TRY IT: Extract the lines up to and including the one that contains "一、周二(4月13日)DDE大單資金凈買(mǎi)入TOP20", starting with the first line of the entries below, and omit the pictures.

Segment Start: DATASET EXTRACT

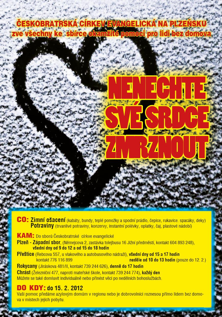 (7.2.2011) Přesně týden mohou lidé na Plzeňsku přispět do sbírky ošacení a potravin pro lidi bez domova. Pod názvem "Nenechte své srdce zmrznout" k ní veřejnost zvou sbory Českobratrské církve evangelické (ČCE). Cílem sbírky je získat okamžitou pomoc pro lidi "na ulici", která jim pomůže přežít současné mrazivé počasí. Šatstvo, deky nebo potraviny pak dobrovolníci předají azylovým domům v regionu nebo je přímo roznesou ohroženým na místa jejich pobytu. Až do středy 15. února mohou lidé přinášet teplé zimní oblečení (kabáty, bundy, rukavice, čepice, teplé ponožky a spodní prádlo), vybavení k noclehu (spacáky, deky) a trvanlivé potraviny (konzervy, instantní polévky, oplatky, čaj a plastové nádobí). Dary občanů rádi převezmou - v kostele západního sboru ČCE v Plzni (Němejcova 2 - zastávka trolejbusu 16 "Jižní předměstí") ve všední dny od 9 do 12 a od 15 do 18 hodin. - na faře ČCE v Rokycanech (Jiráskova 481/II - vedle Komerční banky) denně do 17 hodin - na faře ČCE v Přešticích (Rebcova 557 - u vlakového a autobusového nádraží) ve všední dny mezi 15. a 17. hodinou a v neděli od 10 do 13 hodin (pouze do 12.2.) - na faře ČCE v Chrástu (Železniční 477 - naproti mateřské škole) denně. Karel Šimr farář Českobratrské církve evangelické v Chrástu 739 244 774 V příloze najdete plakát k tisku a také rozhovor J. Blažka z ČRo Plzeň s O. Pellarem, jáhnem evangelického sboru v Plzni - západě a členem PO křesťanské služby.
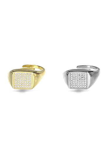 Anello Chevalier da Mignolo in Argento 925% Regolabile Quadrato Zirconato - Anello con Zirconi Donna e Ragazza (Argento)
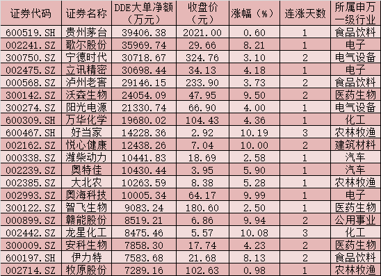 一、周二(4月13日)DDE大單資金凈買(mǎi)入TOP20
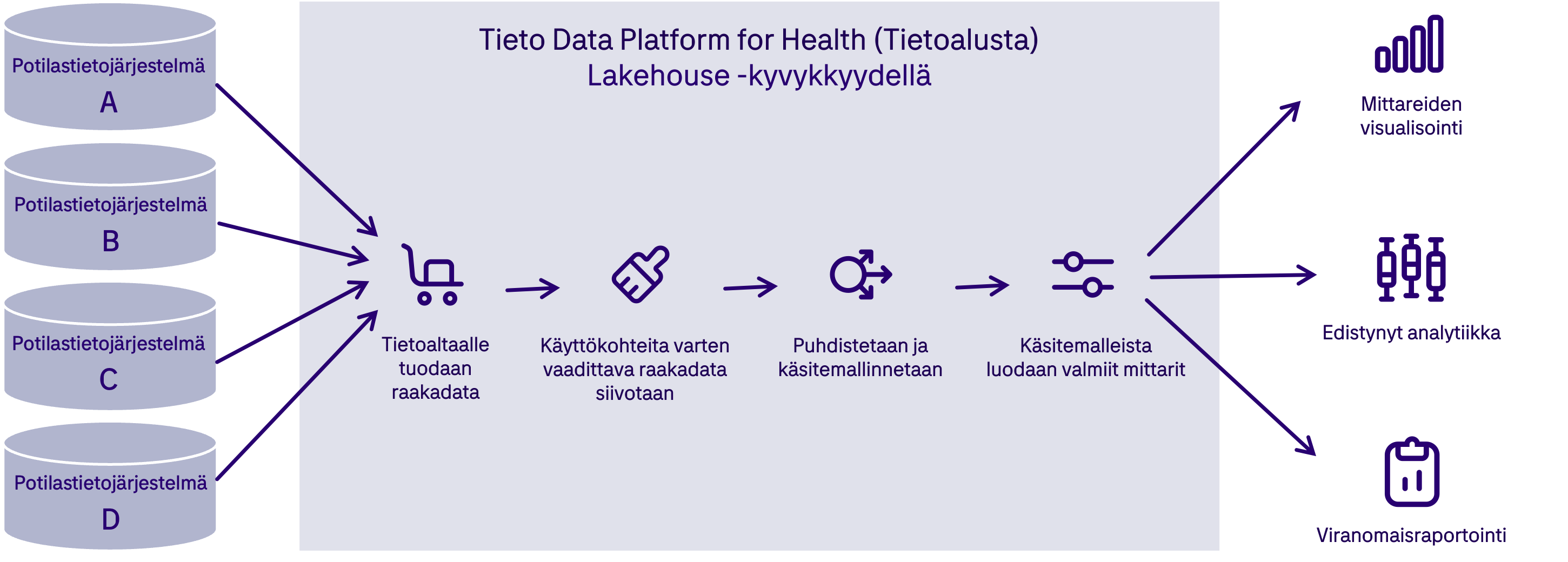 Tietoalustalle rakentuva Lakehouse vastaa mainiosti myös pirstaleisuuden haasteeseen. Kaikki data integroidaan yhteiselle alustalle, josta se on hyödynnettävissä ilman erillistä kopiota tiedosta. Lakehousen myötä olemme päässeet tilanteeseen, jossa teknologia ja työkalut eivät ole enää suurin haasteemme, vaan keskitymme niiden ympärille oikeaan organisoitumiseen.
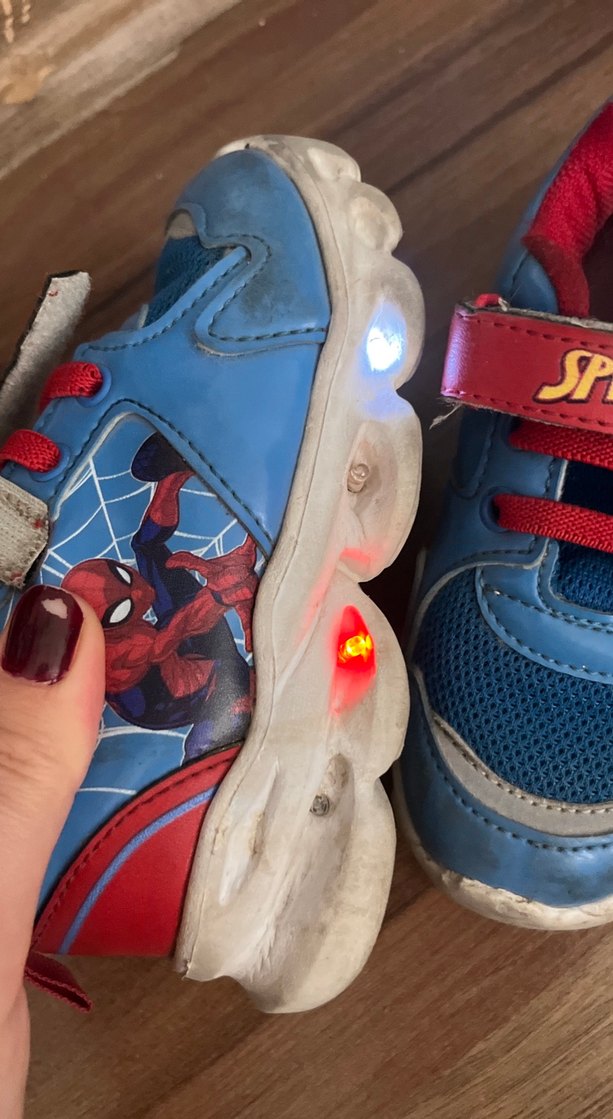 Mavi tonlarda, Örümcek Adam baskılı, ışıklı tabanlı erkek çocuk spor ayakkabısı. Kolay giyilen cırt cırtlı ve kauçuk tabanlıdır.
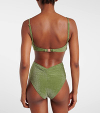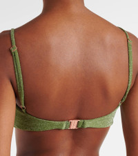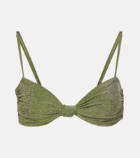 The Heliconia bikini top by Johanna Ortiz will make a statement for your holidays at the seaside or a pool party. This piece features adjustable shoulder straps and is finished with a front knot detail and a shimmering finish. Product Details - Material: 66% polyamide (recycled), 26% metallic fibres, 8% elastane - Care instructions: hand wash - Made in Colombia - Designer color name: Maguey Green - Item color: green - Adjustable shoulder straps - Closure: toggle fastening - Includes: dust bag - Item number: P01039705 Size & Fit - True to size - Unpadded Top - The model seen in the picture is 178cm-5'10", cup size B, and wearing a size XS

Segment End: DATASET EXTRACT

PROBLEM SOLUTION:
 (7.2.2011) Přesně týden mohou lidé na Plzeňsku přispět do sbírky ošacení a potravin pro lidi bez domova. Pod názvem "Nenechte své srdce zmrznout" k ní veřejnost zvou sbory Českobratrské církve evangelické (ČCE). Cílem sbírky je získat okamžitou pomoc pro lidi "na ulici", která jim pomůže přežít současné mrazivé počasí. Šatstvo, deky nebo potraviny pak dobrovolníci předají azylovým domům v regionu nebo je přímo roznesou ohroženým na místa jejich pobytu. Až do středy 15. února mohou lidé přinášet teplé zimní oblečení (kabáty, bundy, rukavice, čepice, teplé ponožky a spodní prádlo), vybavení k noclehu (spacáky, deky) a trvanlivé potraviny (konzervy, instantní polévky, oplatky, čaj a plastové nádobí). Dary občanů rádi převezmou - v kostele západního sboru ČCE v Plzni (Němejcova 2 - zastávka trolejbusu 16 "Jižní předměstí") ve všední dny od 9 do 12 a od 15 do 18 hodin. - na faře ČCE v Rokycanech (Jiráskova 481/II - vedle Komerční banky) denně do 17 hodin - na faře ČCE v Přešticích (Rebcova 557 - u vlakového a autobusového nádraží) ve všední dny mezi 15. a 17. hodinou a v neděli od 10 do 13 hodin (pouze do 12.2.) - na faře ČCE v Chrástu (Železniční 477 - naproti mateřské škole) denně. Karel Šimr farář Českobratrské církve evangelické v Chrástu 739 244 774 V příloze najdete plakát k tisku a také rozhovor J. Blažka z ČRo Plzeň s O. Pellarem, jáhnem evangelického sboru v Plzni - západě a členem PO křesťanské služby.
 Anello Chevalier da Mignolo in Argento 925% Regolabile Quadrato Zirconato - Anello con Zirconi Donna e Ragazza (Argento)
 一、周二(4月13日)DDE大單資金凈買(mǎi)入TOP20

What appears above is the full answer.